VERONA. Colpo di scena sul dossier Multiutility del Veneto. Nell'ambito del processo di aggregazione tra Agsm Verona e Aim Vicenza, secondo quanto risulta a Radiocor, si profila infatti un possibile asse tra Hera e la cordata Alperia-Dolomiti Energia, per diventare partner industriale della nuova realtà.

Il progetto in pole position, come noto, resta quello di A2A, che in cambio di asset nella filiera ambientale e nelle rinnovabili sarebbe arrivata a detenere un terzo del capitale della Multiutility del Veneto.

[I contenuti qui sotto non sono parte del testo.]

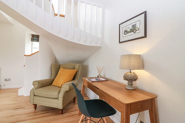The cottage comfortably sleeps up to 6 guests across three tastefully decorated bedrooms, with one featuring an en-suite shower room and a private balcony for sipping your morning coffee amidst the fresh air. Designed with accessibility in mind, it includes ground-floor accommodation and a bedroom for those with limited mobility.

A giugno, tuttavia, Agsm e Aim hanno deciso di avviare un processo competitivo in modo da verificare l'infungibilità degli asset (e in generale dello schema di riassetto) messi in campo dal gruppo lombardo.

In questo contesto, nei giorni scorsi, sono pervenuti agli advisor le offerte non vincolanti di Hera e del tandem del Trentino Alto Adige Alperia-Dolomiti (Iren si è sfilata). Proposte integrate e approfondite rispetto a quelle già presentate quasi un mese fa, con una novità rilevante. Dato che Agsm e Aim hanno chiesto conferimenti di asset nella filiera ambientale e in quella delle rinnovabili, Hera e Alperia-Dolomiti hanno esplicitamente sottolineato che sono disponibili a formulare offerte congiunte nel caso le singole proposte sugli asset non fossero ritenute soddisfacenti.

Alperia-Dolomiti, dunque, si farebbero supportare nel segmento ambientale da Hera, che è leader in questa filiera; viceversa Hera si appoggerebbe a Alperia, che è il terzo produttore idroelettrico italiano, sulle rinnovabili. Ora il processo prevede che gli advisor esaminino le proposte arrivate da Hera e da Alperia-Dolomiti e che forniscano un primo responso e soprattutto un confronto con quella di A2A.

Poi, verosimilmente a settembre, toccherà alla politica decidere - in base al verdetto dei consulenti - se proseguire con la semplice fusione a due o se scegliere subito un partner.